[Items listed in a dataset]

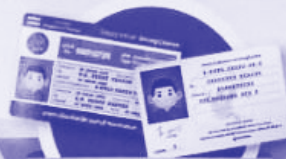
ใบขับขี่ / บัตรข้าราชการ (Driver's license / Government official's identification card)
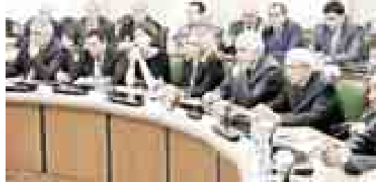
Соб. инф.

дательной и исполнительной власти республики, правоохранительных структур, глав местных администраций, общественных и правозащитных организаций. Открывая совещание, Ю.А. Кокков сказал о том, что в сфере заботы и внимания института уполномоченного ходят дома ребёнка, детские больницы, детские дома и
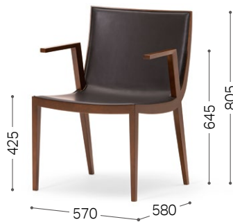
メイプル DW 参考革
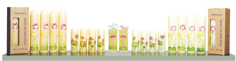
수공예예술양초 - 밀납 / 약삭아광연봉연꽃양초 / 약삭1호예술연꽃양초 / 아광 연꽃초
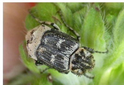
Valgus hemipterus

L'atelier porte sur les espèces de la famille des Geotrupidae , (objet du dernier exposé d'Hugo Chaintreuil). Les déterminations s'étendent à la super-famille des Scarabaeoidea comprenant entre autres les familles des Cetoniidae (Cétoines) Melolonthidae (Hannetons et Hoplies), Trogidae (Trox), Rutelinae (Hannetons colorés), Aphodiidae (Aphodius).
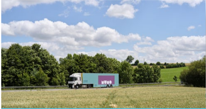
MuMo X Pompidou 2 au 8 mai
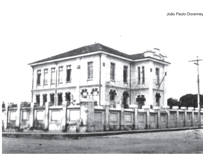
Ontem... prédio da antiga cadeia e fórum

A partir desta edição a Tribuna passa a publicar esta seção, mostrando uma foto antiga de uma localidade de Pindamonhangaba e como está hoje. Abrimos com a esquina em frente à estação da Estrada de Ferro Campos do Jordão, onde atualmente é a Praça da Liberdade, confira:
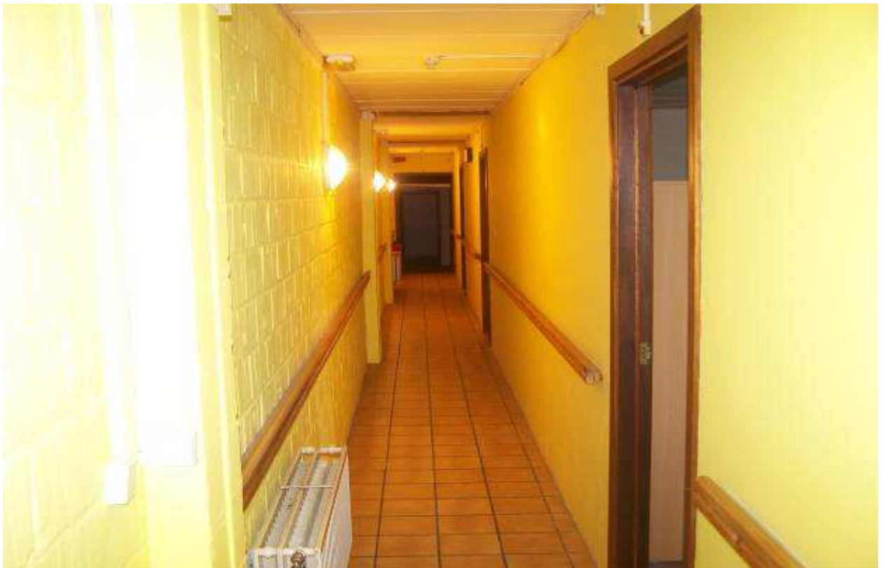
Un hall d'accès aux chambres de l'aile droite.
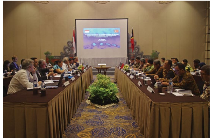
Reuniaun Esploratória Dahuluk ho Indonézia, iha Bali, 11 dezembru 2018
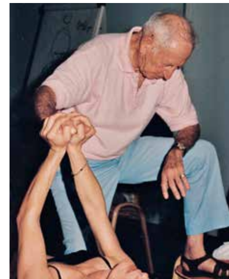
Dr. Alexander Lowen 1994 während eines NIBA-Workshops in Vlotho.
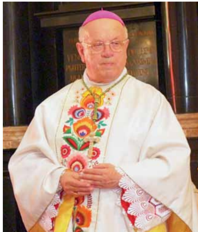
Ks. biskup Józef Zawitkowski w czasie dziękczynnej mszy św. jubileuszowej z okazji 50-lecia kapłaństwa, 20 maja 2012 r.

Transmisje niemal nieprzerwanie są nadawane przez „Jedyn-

==

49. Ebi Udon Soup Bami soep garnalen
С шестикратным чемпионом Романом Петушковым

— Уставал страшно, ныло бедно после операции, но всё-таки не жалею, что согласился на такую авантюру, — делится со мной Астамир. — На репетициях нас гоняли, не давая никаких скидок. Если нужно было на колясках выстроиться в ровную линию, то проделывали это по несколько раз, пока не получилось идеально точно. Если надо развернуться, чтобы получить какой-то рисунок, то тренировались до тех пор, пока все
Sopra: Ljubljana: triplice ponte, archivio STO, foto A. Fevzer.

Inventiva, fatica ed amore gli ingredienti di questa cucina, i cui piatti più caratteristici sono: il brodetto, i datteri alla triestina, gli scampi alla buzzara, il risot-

### Task details
Above are entries with pictures among them. Write out exactly the lines from the one containing "A partir desta" through the one containing "Transmisje niemal nieprzerwanie", ends included, and leave those pictures out.

### Response below
A partir desta edição a Tribuna passa a publicar esta seção, mostrando uma foto antiga de uma localidade de Pindamonhangaba e como está hoje. Abrimos com a esquina em frente à estação da Estrada de Ferro Campos do Jordão, onde atualmente é a Praça da Liberdade, confira:
Un hall d'accès aux chambres de l'aile droite.
Reuniaun Esploratória Dahuluk ho Indonézia, iha Bali, 11 dezembru 2018
Dr. Alexander Lowen 1994 während eines NIBA-Workshops in Vlotho.
Ks. biskup Józef Zawitkowski w czasie dziękczynnej mszy św. jubileuszowej z okazji 50-lecia kapłaństwa, 20 maja 2012 r.

Transmisje niemal nieprzerwanie są nadawane przez „Jedyn-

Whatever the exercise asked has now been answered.